━━ Input data

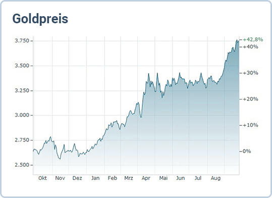 Die Rekordjagd bei den Edelmetallen setzt sich auch zum Wochenstart weiter fort! Während Gold stramm in Richtung der Marke von USD 4.000 läuft, zog Silber bis auf USD 46 und damit auf ein neues 14-Jahreshoch an, und auch Platin notiert mit rund USD 1.600 je Unze auf einem neuen Mehrjahreshoch.
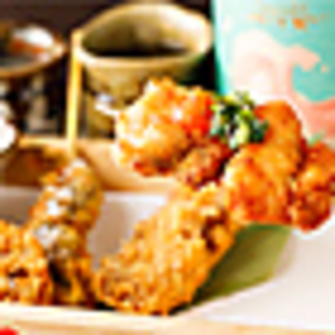 厳選された食材を使用したバラエティ豊かなメニューが魅力です。ジューシーな秀麗豚や鶏ムネ、シャキッとしたおくらや玉ねぎ、風味豊かなエリンギなど、素材の味をお楽しみいただけます。はんぺんやチーズ、えび、イカ、うずらといったユニークな串揚げも揃い、どれもサクサクの衣で包まれています。
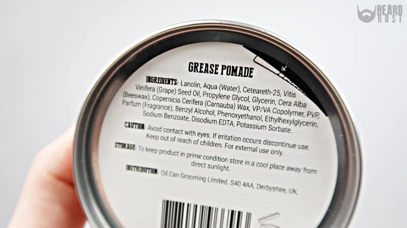 Jak widać głównym składnikiem jest lanolina przez co pomada jest gładka, kremowa oraz wybiera się z łatwością. Woda na miejscu drugim może pomóc nam lepiej zmyć pomadę z włosów. Fajnie, że również na początku znajdziemy pielęgnujący olej z pestek winogron. Później w składzie mamy też woski – pszczeli i karnauba, które zapewne odpowiadają za chwyt produktu.
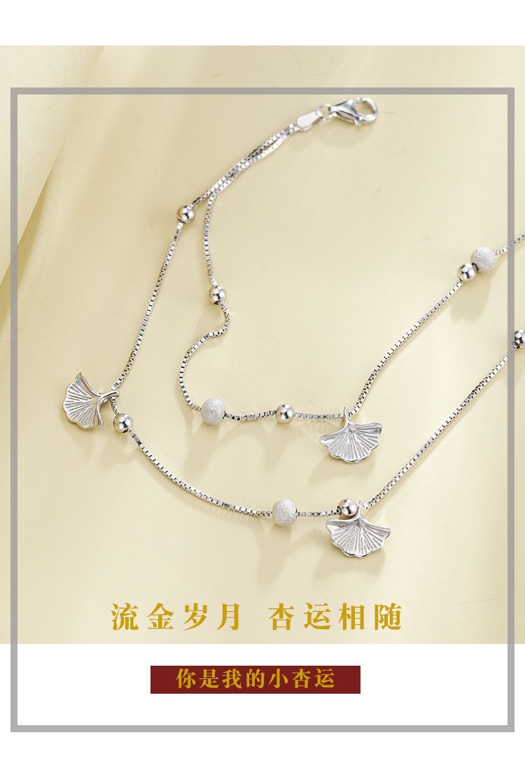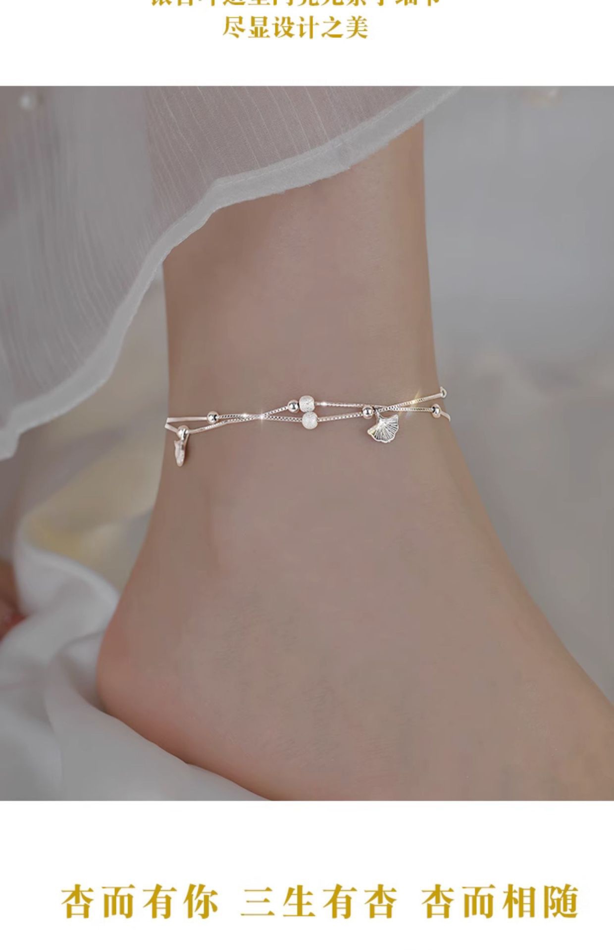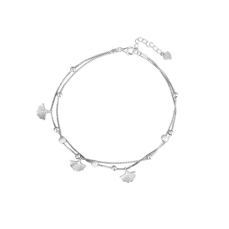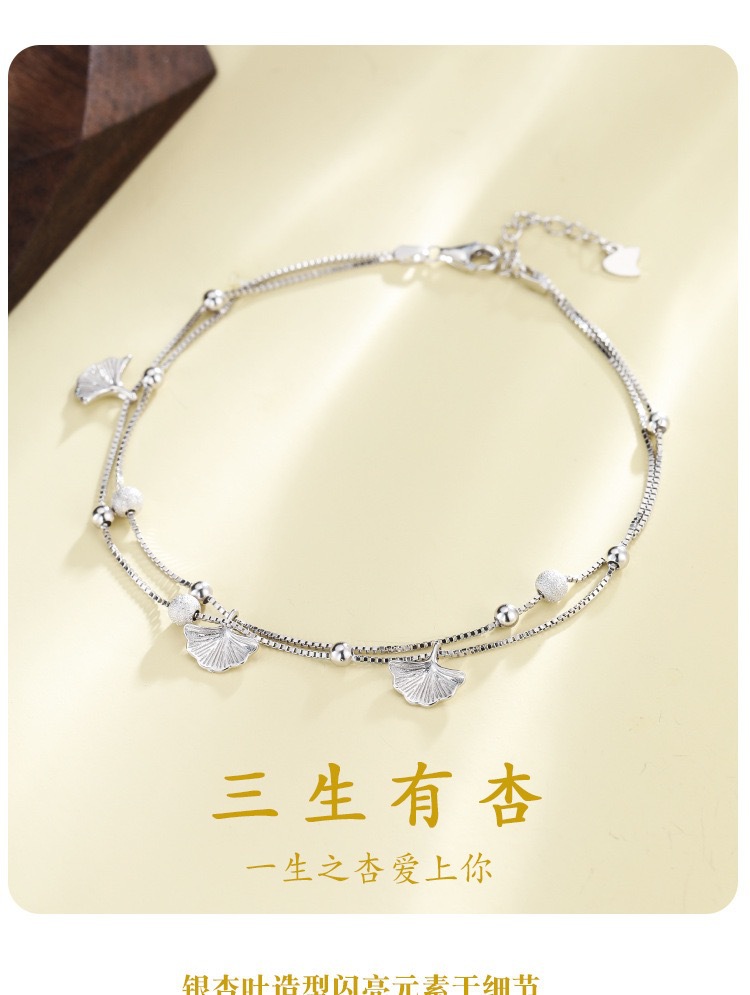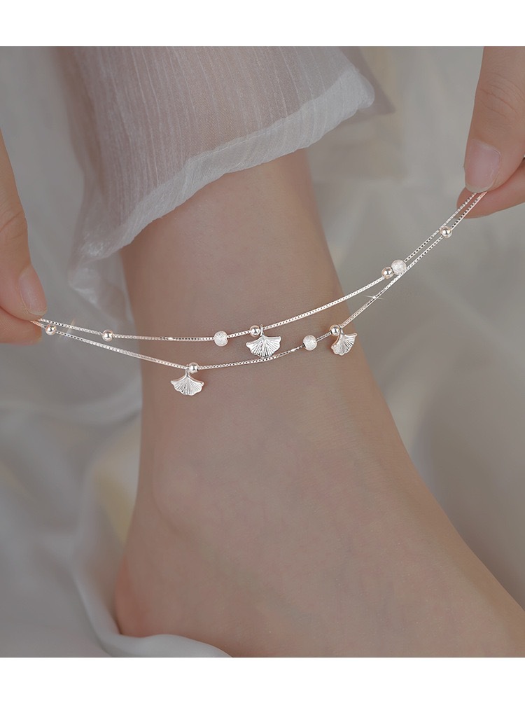 Двухслойный ножной браслет Sansheng Youxing с листьями абрикоса (серебро)

━━━━

**Work item**
The response should hold only an exact retyping of the lines from the beginning of the data through the line containing "厳選された食材を使用したバラ", both ends kept, pictures omitted.

**Output for this task**
 Die Rekordjagd bei den Edelmetallen setzt sich auch zum Wochenstart weiter fort! Während Gold stramm in Richtung der Marke von USD 4.000 läuft, zog Silber bis auf USD 46 und damit auf ein neues 14-Jahreshoch an, und auch Platin notiert mit rund USD 1.600 je Unze auf einem neuen Mehrjahreshoch.
 厳選された食材を使用したバラエティ豊かなメニューが魅力です。ジューシーな秀麗豚や鶏ムネ、シャキッとしたおくらや玉ねぎ、風味豊かなエリンギなど、素材の味をお楽しみいただけます。はんぺんやチーズ、えび、イカ、うずらといったユニークな串揚げも揃い、どれもサクサクの衣で包まれています。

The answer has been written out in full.